[THE PROBLEM] Please repeat, exactly and without pictures, the lines of the entries below that run from the one containing "Both dresses are" through the one containing "- Bileşim/Compound: Polyester".

[EXTRACTED ENTRIES]

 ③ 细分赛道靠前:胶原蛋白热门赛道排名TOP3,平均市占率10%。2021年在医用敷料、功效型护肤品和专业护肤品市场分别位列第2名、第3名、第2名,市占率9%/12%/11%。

---

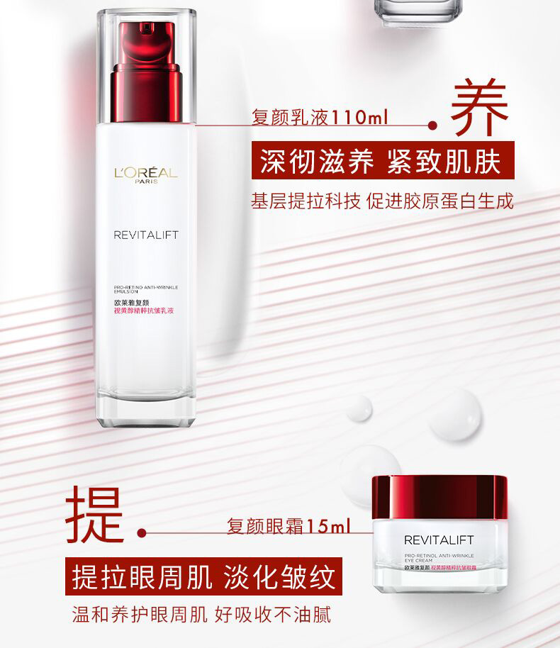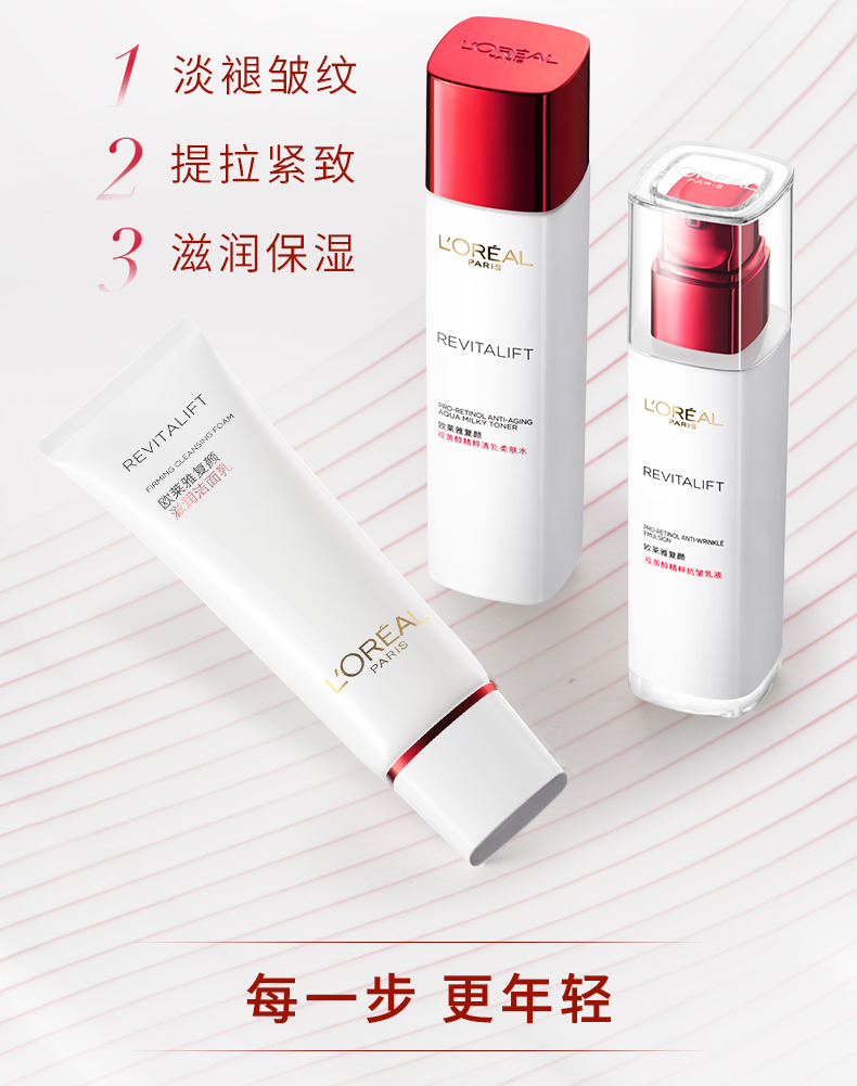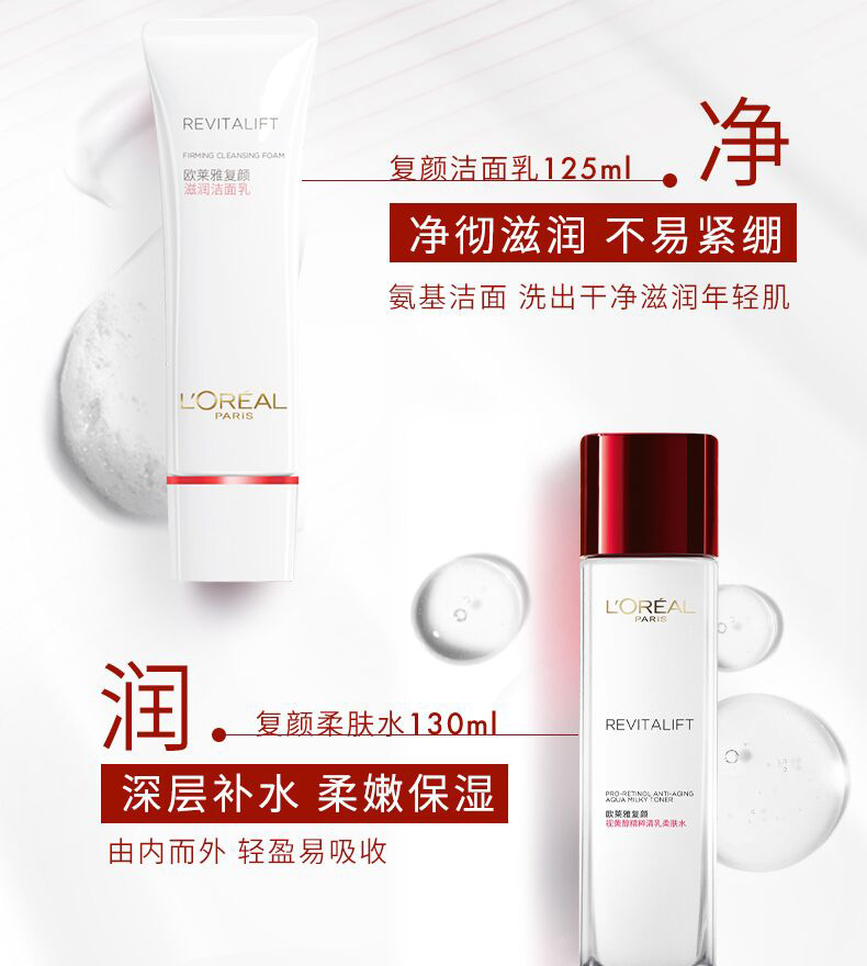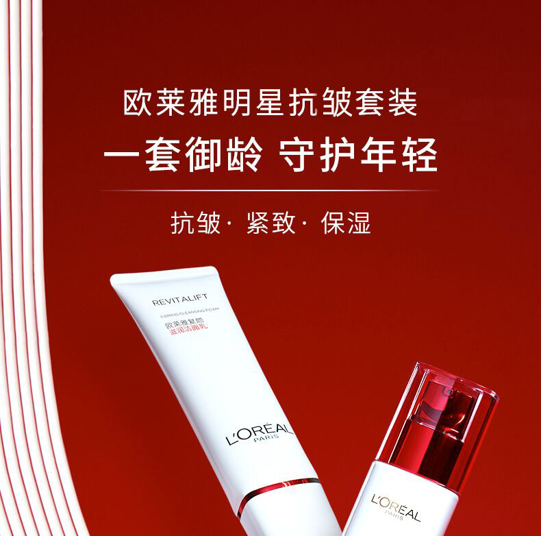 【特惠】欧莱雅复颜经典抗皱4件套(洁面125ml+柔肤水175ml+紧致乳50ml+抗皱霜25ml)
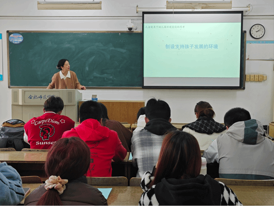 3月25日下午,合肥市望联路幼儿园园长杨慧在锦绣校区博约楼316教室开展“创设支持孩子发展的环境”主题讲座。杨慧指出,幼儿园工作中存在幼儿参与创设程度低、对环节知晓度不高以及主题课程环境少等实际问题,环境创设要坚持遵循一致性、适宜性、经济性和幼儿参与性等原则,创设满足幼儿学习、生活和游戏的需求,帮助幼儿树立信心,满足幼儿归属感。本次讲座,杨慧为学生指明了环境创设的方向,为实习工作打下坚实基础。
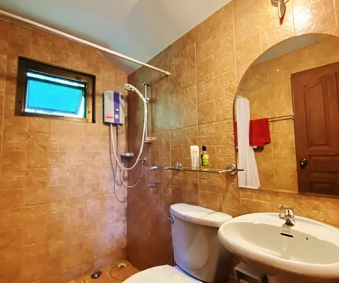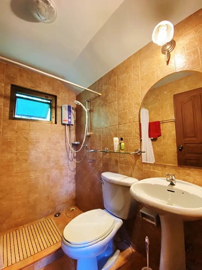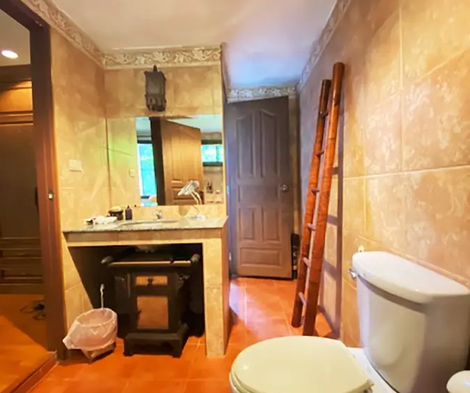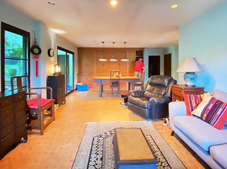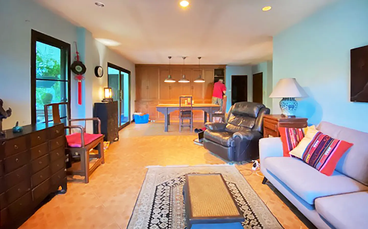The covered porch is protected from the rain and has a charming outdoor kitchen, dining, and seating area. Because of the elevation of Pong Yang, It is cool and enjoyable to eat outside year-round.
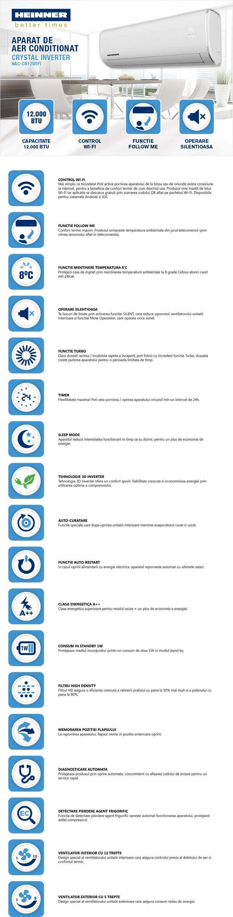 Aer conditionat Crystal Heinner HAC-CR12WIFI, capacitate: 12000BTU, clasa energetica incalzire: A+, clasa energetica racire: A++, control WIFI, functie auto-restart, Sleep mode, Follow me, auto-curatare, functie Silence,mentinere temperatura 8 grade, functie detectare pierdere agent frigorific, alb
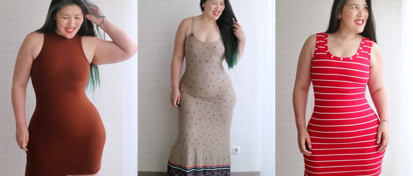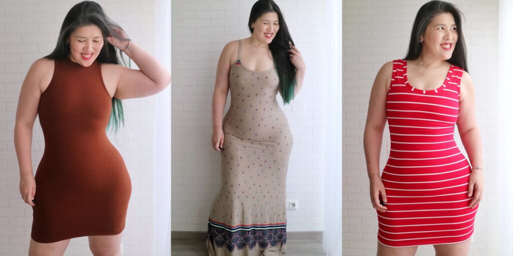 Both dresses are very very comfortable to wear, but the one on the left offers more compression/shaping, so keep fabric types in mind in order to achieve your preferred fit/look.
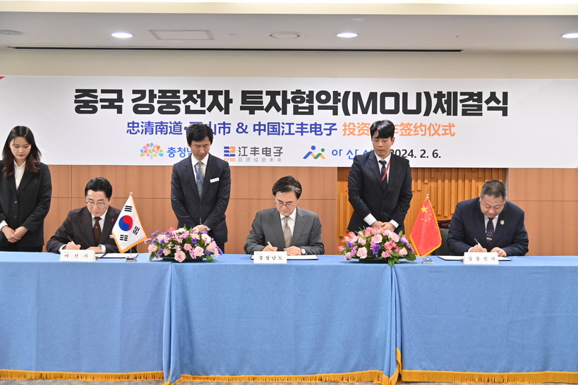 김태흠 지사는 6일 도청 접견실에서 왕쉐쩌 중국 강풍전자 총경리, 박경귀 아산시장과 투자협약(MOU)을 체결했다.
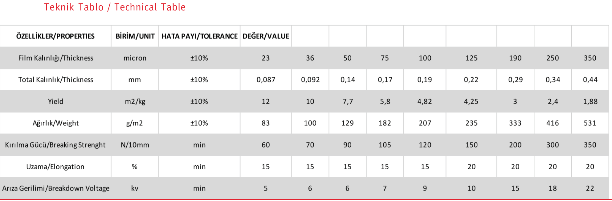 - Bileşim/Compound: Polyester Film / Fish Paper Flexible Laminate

--

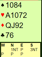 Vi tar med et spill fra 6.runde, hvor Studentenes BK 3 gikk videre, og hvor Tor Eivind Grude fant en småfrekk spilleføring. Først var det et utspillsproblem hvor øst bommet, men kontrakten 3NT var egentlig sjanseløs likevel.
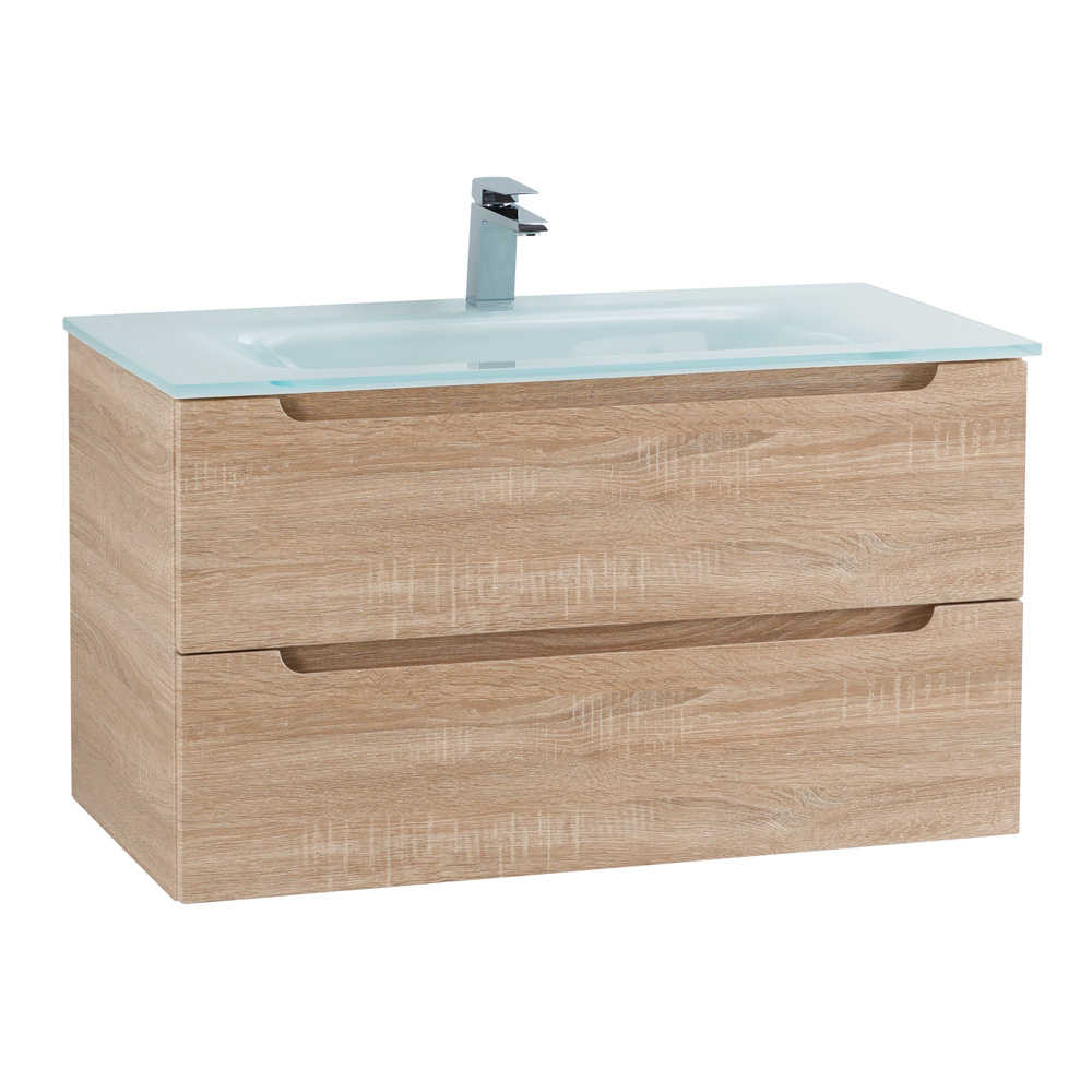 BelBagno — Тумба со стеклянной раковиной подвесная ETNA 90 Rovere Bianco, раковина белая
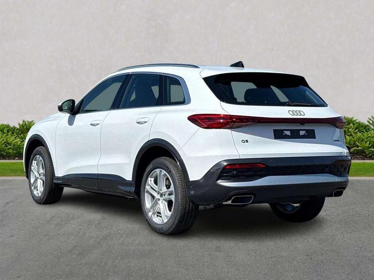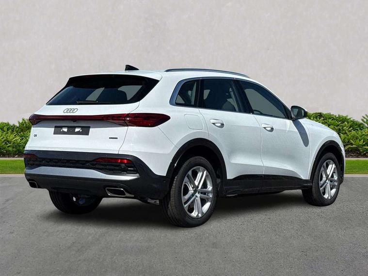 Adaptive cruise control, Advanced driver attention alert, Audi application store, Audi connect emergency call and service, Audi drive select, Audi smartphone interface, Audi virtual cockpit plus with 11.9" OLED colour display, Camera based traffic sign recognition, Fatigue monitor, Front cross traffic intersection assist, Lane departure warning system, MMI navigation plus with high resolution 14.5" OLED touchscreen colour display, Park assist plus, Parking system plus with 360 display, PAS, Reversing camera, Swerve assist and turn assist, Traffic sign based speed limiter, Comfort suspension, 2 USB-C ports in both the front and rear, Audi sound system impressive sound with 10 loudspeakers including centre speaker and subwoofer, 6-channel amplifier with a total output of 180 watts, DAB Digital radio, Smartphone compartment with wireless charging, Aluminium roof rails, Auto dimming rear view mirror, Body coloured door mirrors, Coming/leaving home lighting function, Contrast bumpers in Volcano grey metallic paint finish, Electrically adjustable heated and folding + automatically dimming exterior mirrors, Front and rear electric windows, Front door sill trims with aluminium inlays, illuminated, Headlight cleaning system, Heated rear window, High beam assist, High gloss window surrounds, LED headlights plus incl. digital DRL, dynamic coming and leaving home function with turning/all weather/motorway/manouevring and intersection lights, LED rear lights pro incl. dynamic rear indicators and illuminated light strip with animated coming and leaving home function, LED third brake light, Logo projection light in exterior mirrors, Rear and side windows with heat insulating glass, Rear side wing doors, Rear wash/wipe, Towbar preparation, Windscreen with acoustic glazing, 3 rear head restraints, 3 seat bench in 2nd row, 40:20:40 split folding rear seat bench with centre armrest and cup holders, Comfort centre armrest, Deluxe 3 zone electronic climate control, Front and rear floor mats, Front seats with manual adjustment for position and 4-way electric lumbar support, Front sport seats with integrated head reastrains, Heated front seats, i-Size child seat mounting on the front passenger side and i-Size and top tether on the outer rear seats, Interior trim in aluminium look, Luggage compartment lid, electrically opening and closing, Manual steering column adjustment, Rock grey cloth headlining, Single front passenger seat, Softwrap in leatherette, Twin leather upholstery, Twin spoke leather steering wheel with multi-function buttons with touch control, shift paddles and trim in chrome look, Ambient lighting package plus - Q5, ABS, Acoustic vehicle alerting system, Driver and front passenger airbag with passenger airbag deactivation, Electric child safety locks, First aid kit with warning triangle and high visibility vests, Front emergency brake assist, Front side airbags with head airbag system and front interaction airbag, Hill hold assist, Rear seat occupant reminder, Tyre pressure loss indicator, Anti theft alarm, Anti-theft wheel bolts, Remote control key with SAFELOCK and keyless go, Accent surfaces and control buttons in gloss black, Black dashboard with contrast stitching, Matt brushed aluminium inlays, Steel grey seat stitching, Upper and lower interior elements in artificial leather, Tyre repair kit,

[EXERCISE RESPONSE]
 Both dresses are very very comfortable to wear, but the one on the left offers more compression/shaping, so keep fabric types in mind in order to achieve your preferred fit/look.
 김태흠 지사는 6일 도청 접견실에서 왕쉐쩌 중국 강풍전자 총경리, 박경귀 아산시장과 투자협약(MOU)을 체결했다.
 - Bileşim/Compound: Polyester Film / Fish Paper Flexible Laminate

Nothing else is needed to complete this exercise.